Recognizing eco-labels using Azure Custom Vision from a mobile app

From the sandbox

In this article I want to talk about using the Custom Vision service to recognize photos of eco-labels from a mobile application.

The CustomVision service is part of the cloud-based Cognitive Services on the Azure platform.
About what technologies we had to study, how to work with CustomVision, what it is and what it allows to achieve - further.

The task of recognizing eco-labels appeared three years ago when my wife and I began to discuss the mobile application that her organization (environmental NGOs) wanted to do to spread information about eco-labels.

What is eco-labeling?

Eco-labeling is a certificate and a corresponding logo issued by certifying organizations that check products or services of a manufacturer’s supplier for compliance with certain criteria related to the life cycle of a product-service and focused on its environmental friendliness.

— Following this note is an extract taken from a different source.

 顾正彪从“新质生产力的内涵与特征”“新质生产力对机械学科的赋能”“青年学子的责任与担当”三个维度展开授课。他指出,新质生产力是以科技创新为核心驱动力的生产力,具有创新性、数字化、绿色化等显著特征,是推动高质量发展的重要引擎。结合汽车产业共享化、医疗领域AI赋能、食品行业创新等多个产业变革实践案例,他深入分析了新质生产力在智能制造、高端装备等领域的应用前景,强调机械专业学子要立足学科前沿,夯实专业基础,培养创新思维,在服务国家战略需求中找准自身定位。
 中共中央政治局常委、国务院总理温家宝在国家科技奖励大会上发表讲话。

After certification, a manufacturer can place an eco-label logo on its products.

Eco-labeling also includes a plastic mark with its composition for ease of processing and processing, and other similar signs.

For example, here is a sign:

The process of selecting recognition technology

The two main features of the application should have been the search for stores with eco-products and the recognition of eco-labels. If technologically everything is relatively simple with the search for stores, then with recognition it is not very. The word is fashionable, but how to make it was not clear. And I began to study the question.

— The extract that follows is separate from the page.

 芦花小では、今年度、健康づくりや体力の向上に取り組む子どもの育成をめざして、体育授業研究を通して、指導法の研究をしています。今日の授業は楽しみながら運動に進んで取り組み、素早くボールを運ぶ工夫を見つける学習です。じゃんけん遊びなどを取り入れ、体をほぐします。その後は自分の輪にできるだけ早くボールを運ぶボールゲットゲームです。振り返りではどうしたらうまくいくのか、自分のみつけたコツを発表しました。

The logos of the markings are standardized and are ideal objects for recognition - he pointed the phone at the image on the packaging of the product, took a picture and the application shows what a sign it means and whether it should be trusted.

I started thinking how to make recognition and analyze different options - I tried OpenCV with its recognition algorithms (Haar cascades, SWIFT, Template matching, etc.), but the recognition quality was not very good - no more than 70% with a training set of several dozen images .

Probably, I misunderstood somewhere and did something wrong, but we also asked another acquaintance to investigate this topic and he also said that 70% at the cascades of Haar is the maximum on such a date.

In parallel with this, materials about various frameworks of neural networks and the successful use of neural networks for solving such problems began to appear more often. But everywhere there were glimpses of some horrific sizes of datasets (hundreds or thousands of images for each class), unfamiliar to me in Python, TensorFlow, the need for their own backend - all this was somewhat frightening.

As a .NET developer, I looked at Accord.NET but I also did not quickly find something that would fit right away.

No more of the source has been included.